At first the answer seems obvious. Every time a leopard leaves the valley the total number of leopards in the valley decreases by one. So the expectation should decrease by one.

But should it?

Suppose that the expected number of leopards in the valley is $0.5$ instead of $2$. When one leopard leaves the valley, the expected number of leopards remaining in the valley cannot be $0.5 - 1 = -0.5$—there is no such thing as an anti-leopard. In this case it is obvious that we cannot update the expectation by subtracting one leopard from the expectation.

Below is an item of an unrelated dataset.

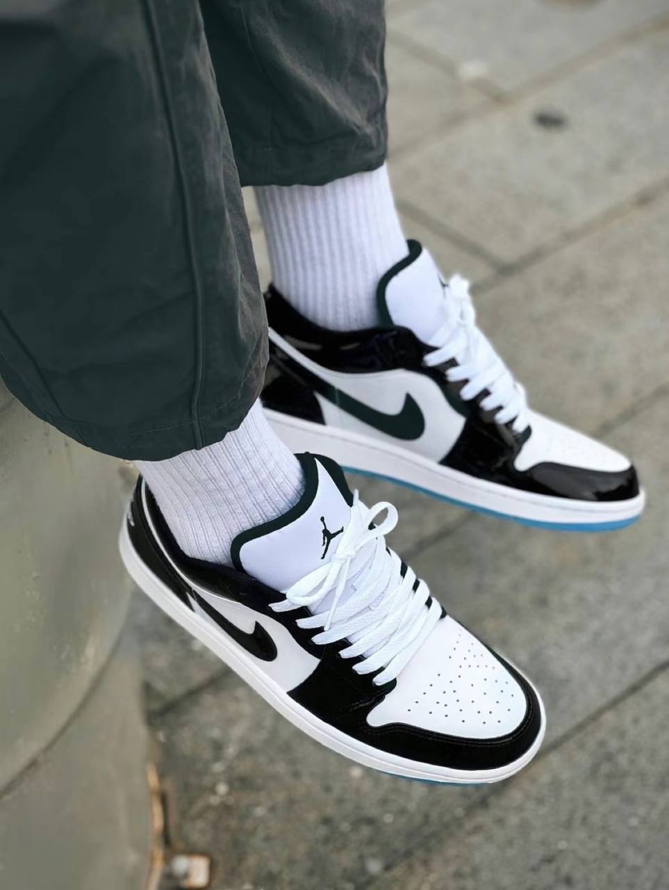 Модель Air Jordan 1 Low SE GS Concord, предлагаемая в подростковых размерах, представляет собой нестареющий дизайн в черно-белом исполнении. Полностью кожаный верх сочетается с белой основой и контрастными черными накладками на носке и пятке. Фирменные элементы включают вышитый значок Jumpman на язычке и пришитый логотип Wings на задней части пятки. Винтажная мидсоль из белой резины оснащена блоком Air-sole в пятке для легкой амортизации, а подошва из голубой резины имеет гибкие канавки для естественного шага.

The subtlety here is in the distinction between expecting that there are a certain number of leopards in the valley and knowing the number. If we had counted all the leopards then we would know the number exactly. This number would match the expectation and would decrease by one when a leopard leaves. If we do not know the number of leopards for sure then the expectation is an average. Knowing the average number is not the same as knowing the actual number of leopards because it leaves the actual number uncertain. This uncertainty means that there is implicitly a probability distribution on the size of the leopard population.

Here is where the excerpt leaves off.